Or the ACU may have been in a "connected" state, in which
case your message will be transmitted down the line, to be
interpreted by whatever the ACU was connected to by the most
recent user.  (This recursive case is really fun!:-)

The last point is crucial:  In many cases, you don't know
who is responding to your message.  You are dealing with 
chains of boxes, each of which may respond to your message
and/or pass it on to the next box.  Each box has a different
behaviour repertoire, and even worse, each has a different
syntax.  Furthermore, at any time, for whatever reason
(such as power glitches or commands from other sources),
any box may reset its internal state to any other state.
You can be talking to the 3rd box in a chain, and suddenly
the 2nd breaks in and responds to a message not intended
for it.

The best way of handling such complexity is via an explicit 
state table that says what was last sent down the line, what
the response was, what sort of box we seem to be talking to,
and what its internal state seems to be.  The code to use such 
info to elicit a desired behavior rapidly develops into a real 
piece of "expert-systems" code.

So far, there's no real need for C; this is all well within the
powers of Lisp or Smalltalk or Prolog.  So why C?  Well, when
you're writing comm code, you have one extra goodie.  It's very
important that you have precise control over every bit of every
character.  The higher-level languages always seen to want to
"help" by tokenizing the input and putting the output into some
sort of standard format.  This is unacceptable.  

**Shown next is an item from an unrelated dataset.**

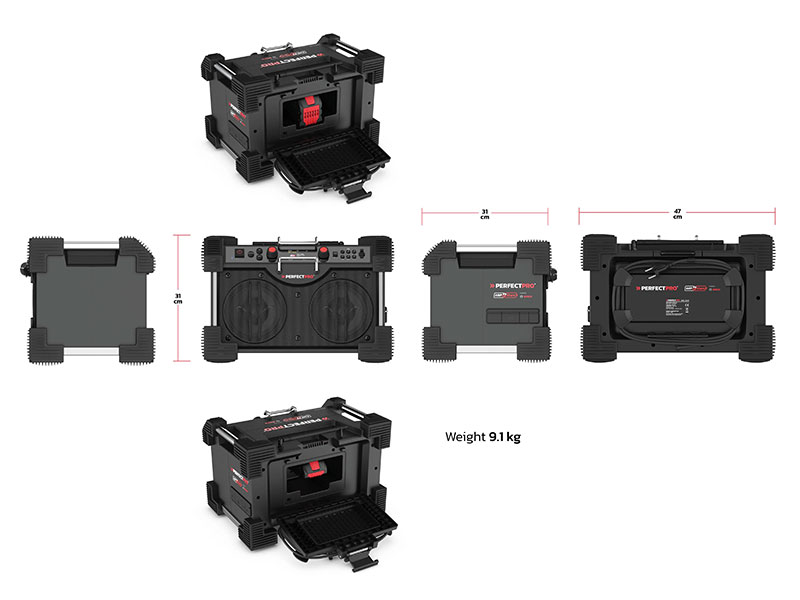 De PerfectPro RockHart RH4 is de ultieme bouwradio voor professionals die werken met 18V-accu’s van Bosch Blauw, Milwaukee, Makita en DeWalt. Dankzij de twee 30W-speakers en de ruime klankkast wordt muziek krachtig en helder verspreid over een groot oppervlak, tot wel 1.000 m². DAB+ en FM-radio met RDS zorgen voor storingsvrij geluid en zes snel oproepbare voorkeuzezenders. Daarnaast biedt de RockHart RH4 veelzijdige connectiviteit met Bluetooth-streaming en een aux-ingang voor mp3-spelers. De unieke Stereo Pairing-functie maakt het mogelijk om twee PerfectPro-radio's draadloos te koppelen voor een nog breder stereogeluid. Extra handig is de microfooningang, waarmee de radio ook als megafoon kan worden gebruikt. Bovendien functioneert deze robuuste werkradio als powerbank voor het opladen van mobiele apparaten. De RockHart RH4 combineert krachtig geluid met ultieme flexibiliteit, perfect voor de professionele bouwvakker.

For instance, the messages transmitted often don't have any 
well-defined terminators.  Or, rather, each box has its own
terminator(s), but you don't know beforehand which box will
respond to a given message.  They often require nulls.  It's 
often very important whether you use CR or LF (or both, in
a particular order).  And you have to timeout various inputs,
else your code just hangs forever.  Such things are very awkward,
if not impossible to express in the typical AI languages. 

This isn't to say that C is the world's best AI language; quite
the contrary.  I'd love to get a chance to work on a better one.
(Hint, hint....)  But given the languages available, it seems
to be the best of a bad lot, so I use it.

If you think doing it in C is weird, just wait 'til 
you see it in Ada....

Denber.wbst@XEROX.COM (09/16/86)

	"Such things are very awkward, if not impossible to express in the
typical AI languages"

Well, maybe I've been using an atypical AI language, but Interlisp-D has
all that stuff - byte I/O, streams, timers, whatever.  It's real e-z to
use.  Check it out.

			- Michel